■ Exercise details
Repeat only the stretch of lines below that runs from the line with "渠道端,潘多拉的销售点众多,2011年达" through the line with "We introduce a", unaltered.

■ Extracted material

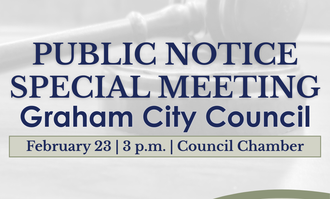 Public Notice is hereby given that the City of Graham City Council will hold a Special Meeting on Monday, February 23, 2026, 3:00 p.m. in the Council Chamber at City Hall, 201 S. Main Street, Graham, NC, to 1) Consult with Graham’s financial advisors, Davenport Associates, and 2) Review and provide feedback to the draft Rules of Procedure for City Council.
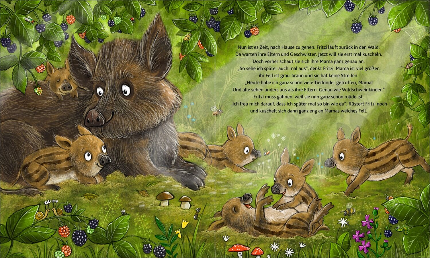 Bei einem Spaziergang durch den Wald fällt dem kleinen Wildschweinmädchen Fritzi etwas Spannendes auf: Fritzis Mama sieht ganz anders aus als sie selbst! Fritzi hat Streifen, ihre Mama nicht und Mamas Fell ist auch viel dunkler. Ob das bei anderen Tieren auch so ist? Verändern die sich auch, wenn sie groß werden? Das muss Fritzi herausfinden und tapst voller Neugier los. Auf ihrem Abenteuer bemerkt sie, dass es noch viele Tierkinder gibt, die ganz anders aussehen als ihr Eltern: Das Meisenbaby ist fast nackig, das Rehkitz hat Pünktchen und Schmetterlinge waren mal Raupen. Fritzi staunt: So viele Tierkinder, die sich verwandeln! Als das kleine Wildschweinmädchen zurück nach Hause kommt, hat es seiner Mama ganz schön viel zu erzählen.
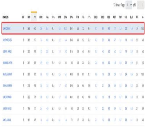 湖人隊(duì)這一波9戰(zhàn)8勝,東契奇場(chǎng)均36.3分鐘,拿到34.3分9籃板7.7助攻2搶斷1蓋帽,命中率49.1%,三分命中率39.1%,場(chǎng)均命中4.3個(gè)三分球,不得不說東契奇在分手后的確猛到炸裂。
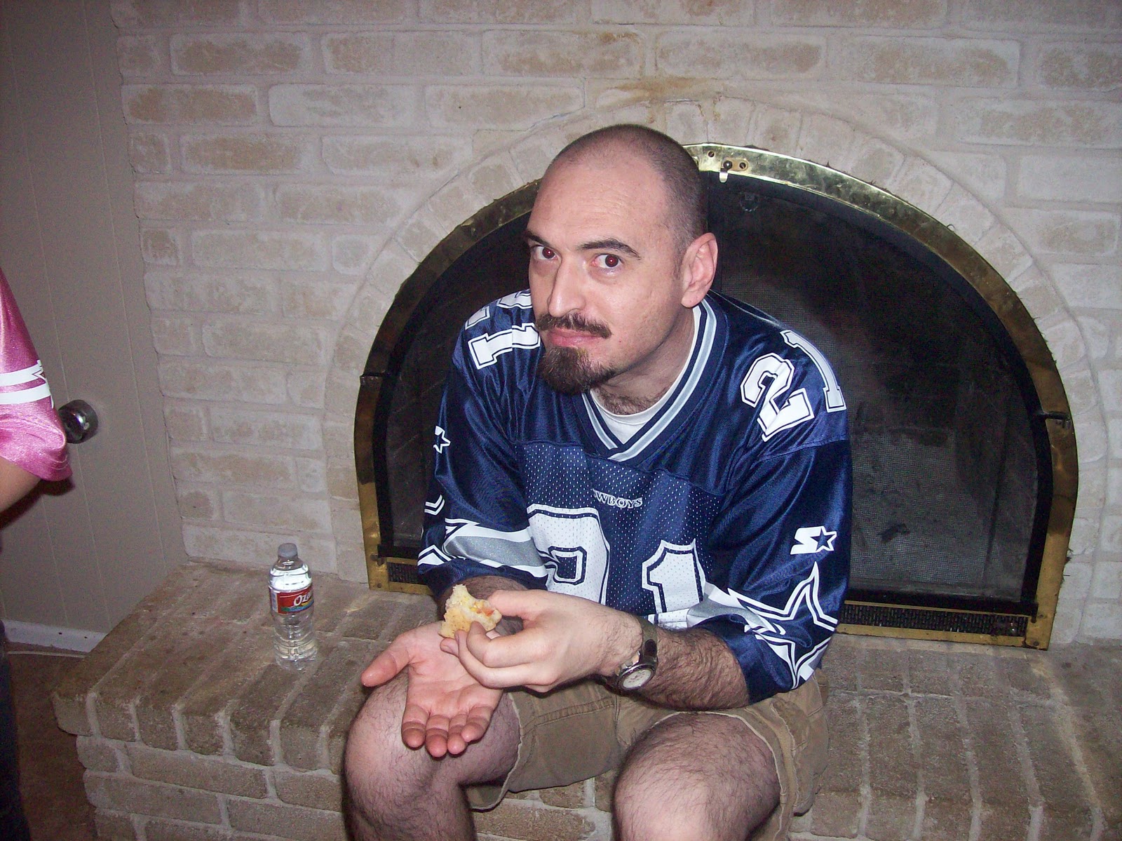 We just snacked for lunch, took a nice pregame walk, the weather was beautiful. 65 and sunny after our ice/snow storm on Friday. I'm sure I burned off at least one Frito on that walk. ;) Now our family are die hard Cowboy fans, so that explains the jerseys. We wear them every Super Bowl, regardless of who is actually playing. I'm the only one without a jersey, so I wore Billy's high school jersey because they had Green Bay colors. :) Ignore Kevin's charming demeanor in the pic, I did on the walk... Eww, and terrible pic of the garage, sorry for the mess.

...

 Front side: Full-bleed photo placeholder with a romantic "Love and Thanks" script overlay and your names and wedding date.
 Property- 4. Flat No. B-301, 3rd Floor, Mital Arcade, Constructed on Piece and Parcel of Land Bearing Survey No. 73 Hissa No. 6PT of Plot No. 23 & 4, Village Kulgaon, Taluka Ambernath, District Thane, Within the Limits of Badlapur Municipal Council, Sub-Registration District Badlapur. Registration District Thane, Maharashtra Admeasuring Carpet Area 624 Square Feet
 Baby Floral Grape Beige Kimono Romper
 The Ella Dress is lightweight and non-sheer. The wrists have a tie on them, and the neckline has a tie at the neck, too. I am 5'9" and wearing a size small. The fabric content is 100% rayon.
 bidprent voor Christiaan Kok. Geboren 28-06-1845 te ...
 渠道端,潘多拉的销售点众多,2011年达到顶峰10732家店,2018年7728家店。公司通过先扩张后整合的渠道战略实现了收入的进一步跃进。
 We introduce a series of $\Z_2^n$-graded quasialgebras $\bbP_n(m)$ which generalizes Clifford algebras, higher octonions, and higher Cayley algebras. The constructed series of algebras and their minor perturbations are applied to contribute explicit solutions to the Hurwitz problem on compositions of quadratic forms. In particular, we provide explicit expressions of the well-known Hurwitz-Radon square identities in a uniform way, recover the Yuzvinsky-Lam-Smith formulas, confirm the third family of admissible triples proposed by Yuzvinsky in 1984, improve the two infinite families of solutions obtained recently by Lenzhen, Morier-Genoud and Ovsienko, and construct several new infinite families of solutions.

■ Solution to the exercise
 渠道端,潘多拉的销售点众多,2011年达到顶峰10732家店,2018年7728家店。公司通过先扩张后整合的渠道战略实现了收入的进一步跃进。
 We introduce a series of $\Z_2^n$-graded quasialgebras $\bbP_n(m)$ which generalizes Clifford algebras, higher octonions, and higher Cayley algebras. The constructed series of algebras and their minor perturbations are applied to contribute explicit solutions to the Hurwitz problem on compositions of quadratic forms. In particular, we provide explicit expressions of the well-known Hurwitz-Radon square identities in a uniform way, recover the Yuzvinsky-Lam-Smith formulas, confirm the third family of admissible triples proposed by Yuzvinsky in 1984, improve the two infinite families of solutions obtained recently by Lenzhen, Morier-Genoud and Ovsienko, and construct several new infinite families of solutions.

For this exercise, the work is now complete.